From Abuja, a similar story occurred at Makurdi, Benue State, where the newly elected House Speaker reportedly sent Channels Television crew packing. Benue State House Speaker also ruled that the Channels Television crew should be allowed to resume coverage. That was after some criticisms.

In Britain, BBC radio and television world services virtually monopolise over fifty years coverage of state activities, especially on all matters involving Buckingham Palace and royal family. The main feature of BBC media is not necessarily as echo chamber but for free flow of reverence and loyalty to the Royal Family. Somehow, in the past few years, the same BBC media stations at both domestic and world service levels have become radicalised at times, recklessly.

Notably, even the private lives (if anything of that exists) of key members of the Royal Family, specifically the Queen, her husband, Duke of Edinburgh, and heir to the throne, Prince Charles, are no longer immune. It is a thin line between modern aggressive journalism and undisguised hostility. Well, Queen Elizabeth, with her right to choose, has dropped the BBC media monopoly. Instead, Her Majesty has conferred on hitherto inconsequential rival, ITN (Independent Television News), to cover her 90th birthday celebrations next years.

The matter has passed almost unnoticed but certainly unquestioned as the Queen, despite her status as the British sovereign is conceded the right to her privacy.

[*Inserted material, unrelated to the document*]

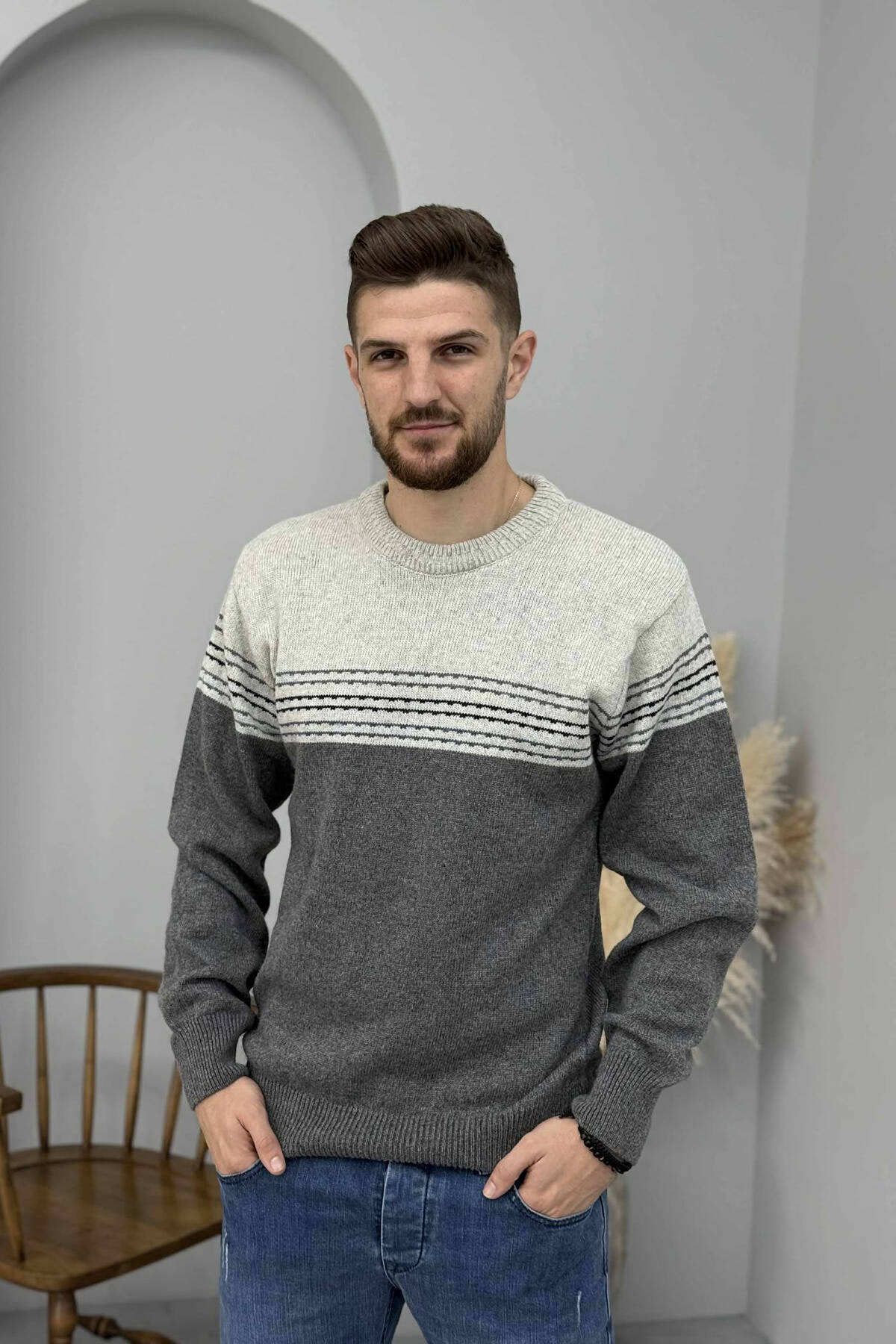 ROUND NECK STRIPED MEN SWEATER GREEN/JESHILE

The equivalent would be a Nigerian President, offering priority to a private television station in place of NTA.

Before Queen Elizabeth’s clampdown on BBC (the most powerful and credible electronic station in the world) was United States President Barack Obama, who ended the fifty years career of Helen Thomas as a Correspondent at the White House. As the longest serving reporter at White House, Helen Thomas had covered the tenure of, at least, ten consecutive American Presidents.

Helen Thomas offence? She made remarks considered to be offensive to Jews and Israel. The poor lady apologised but Obama would have none of that. She left White House in 2010 and into retirement.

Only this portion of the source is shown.